**Collected data**

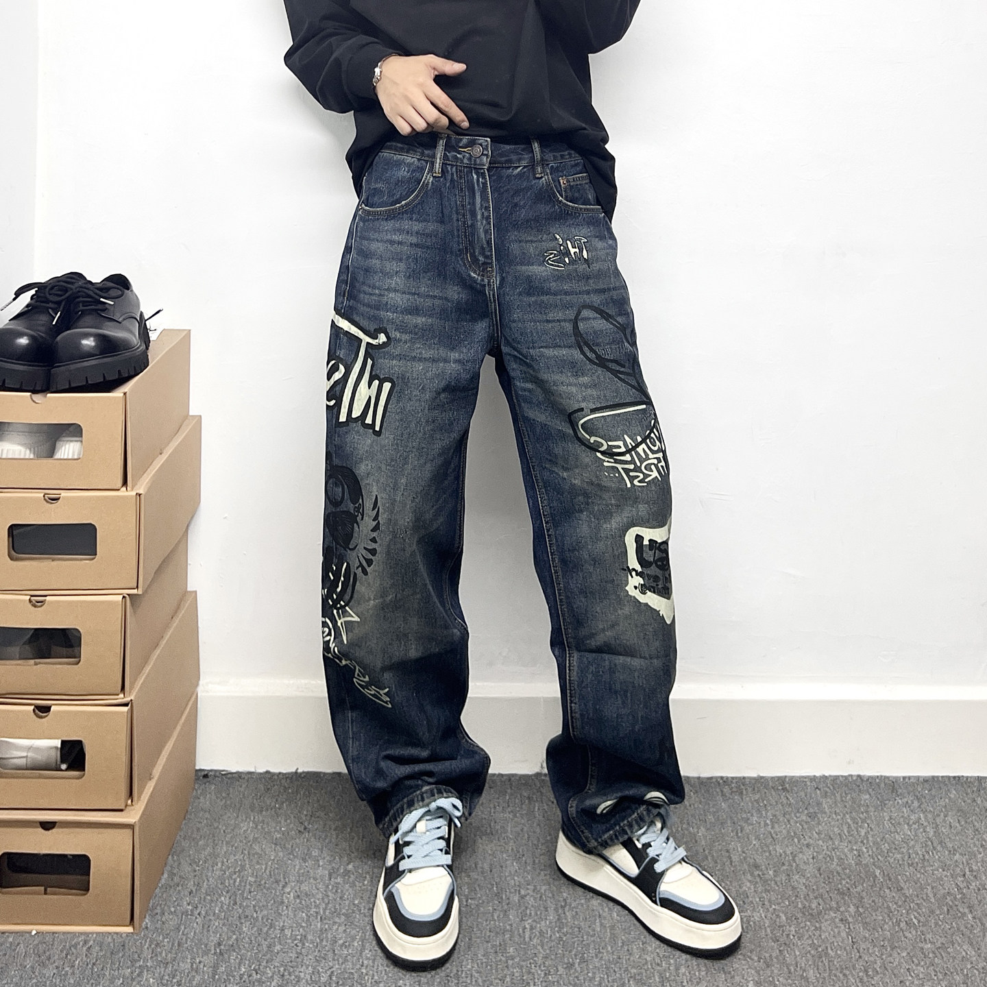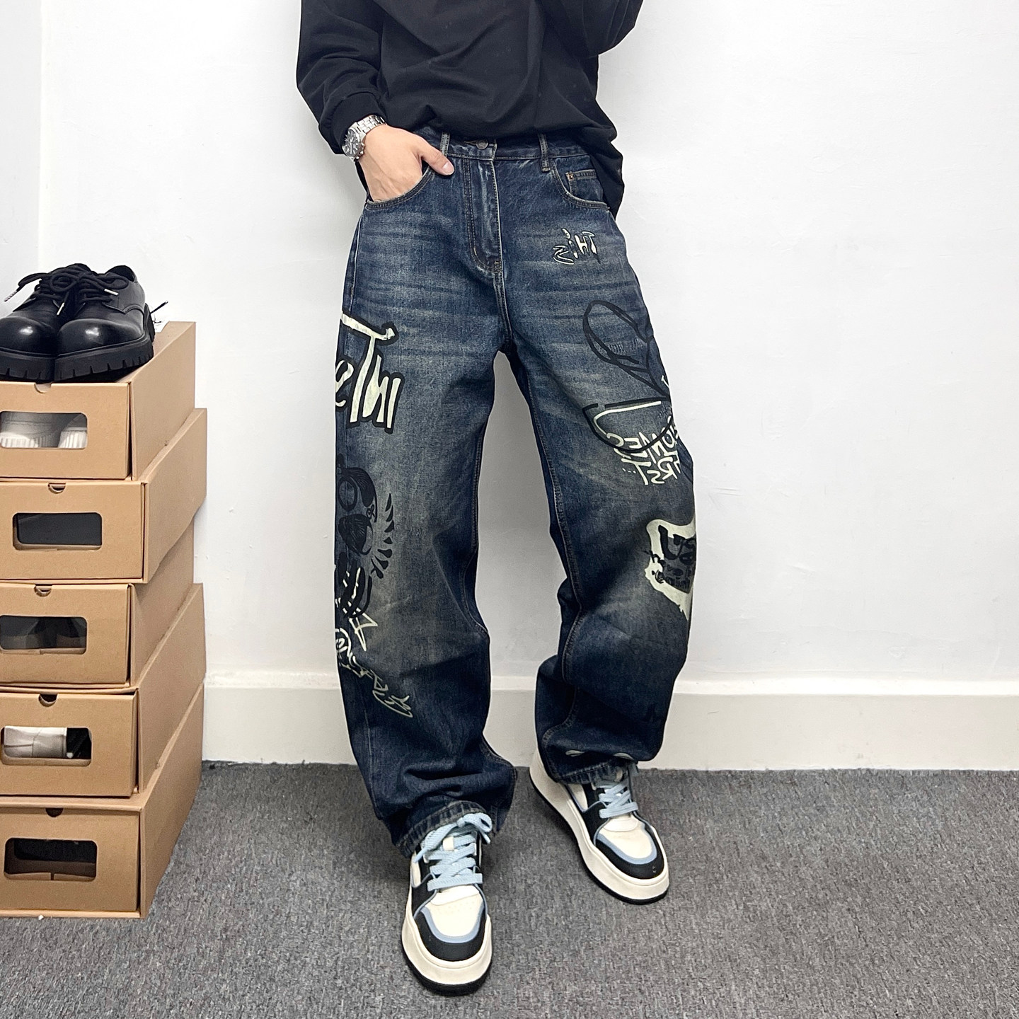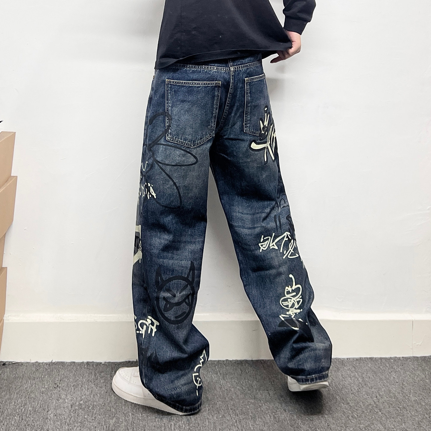 --------------------- 潮牌卡通涂鸦牛仔裤男复古做旧宽松直筒裤个性印花街头风痞帅长裤 【原售价】203元 【现售价】178元 【推荐理由】
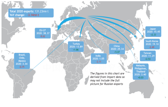 2020年远东港口煤炭出口1.072亿吨,其中7月-12月完成5720万吨,高于上半年1月-6月的5000万吨。主要是由于中国限制澳大利亚煤炭进口,以及东北亚地区去年冬季比往年更加严寒的气候因素影响, 去年下半年亚洲区域市场包括中国的煤炭市场需求增长迅猛。海关数据显示,去年12月,俄罗斯出口中国的动力煤为420万吨,使得下半年出口中国的煤炭总量达1460万吨,比上年同期的1090万吨增长33.9%。
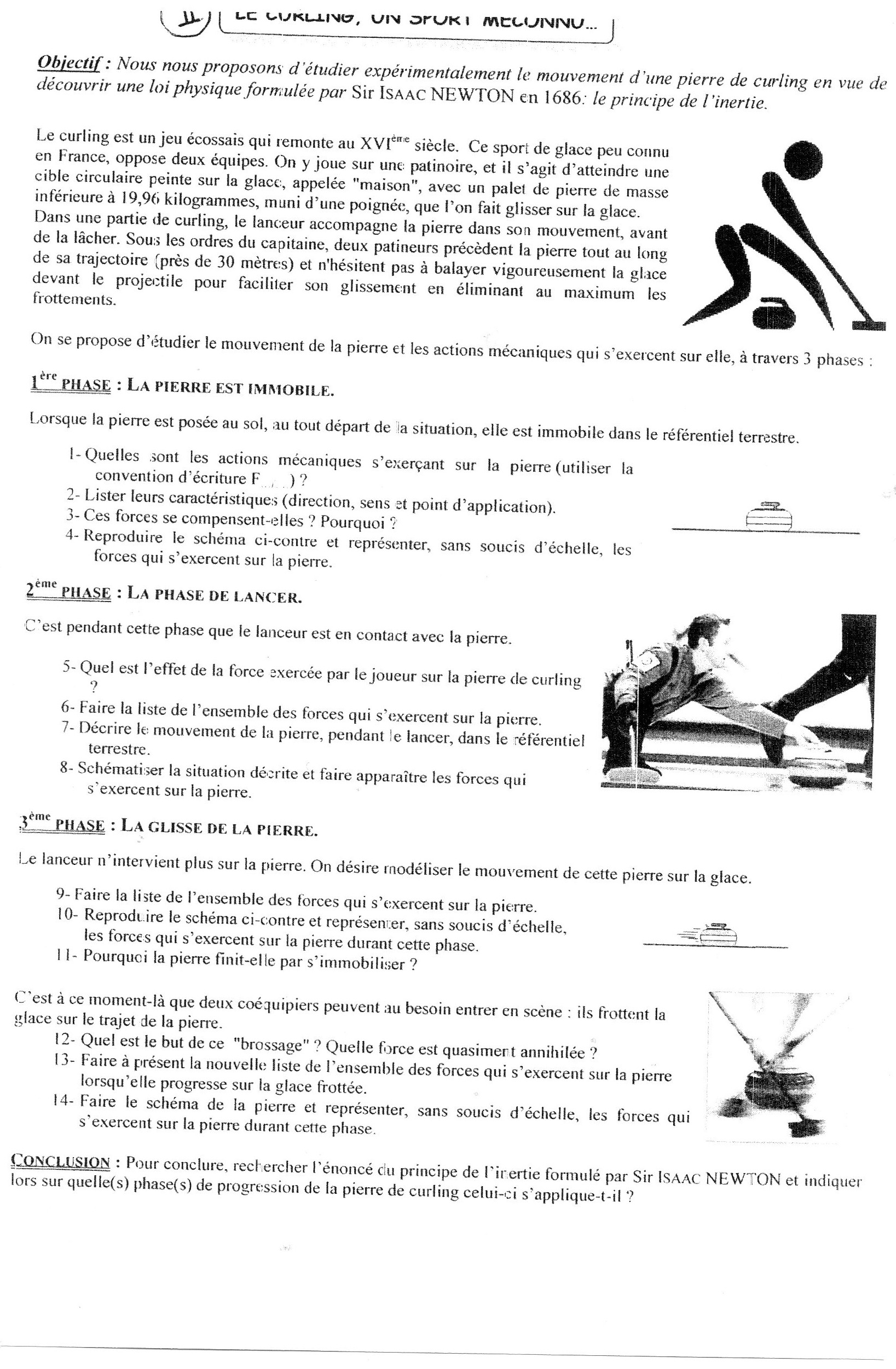 Remarque : pour la question 5 , il suffisait de dire que le joueur met la pierre en mouvement.

**About this task**
Retype, word for word, only the lines from the line with "2020年远东港口煤炭出口1" to the final line of the listing above; the pictures do not belong in the copy.

**Solution to this problem**
 2020年远东港口煤炭出口1.072亿吨,其中7月-12月完成5720万吨,高于上半年1月-6月的5000万吨。主要是由于中国限制澳大利亚煤炭进口,以及东北亚地区去年冬季比往年更加严寒的气候因素影响, 去年下半年亚洲区域市场包括中国的煤炭市场需求增长迅猛。海关数据显示,去年12月,俄罗斯出口中国的动力煤为420万吨,使得下半年出口中国的煤炭总量达1460万吨,比上年同期的1090万吨增长33.9%。
 Remarque : pour la question 5 , il suffisait de dire que le joueur met la pierre en mouvement.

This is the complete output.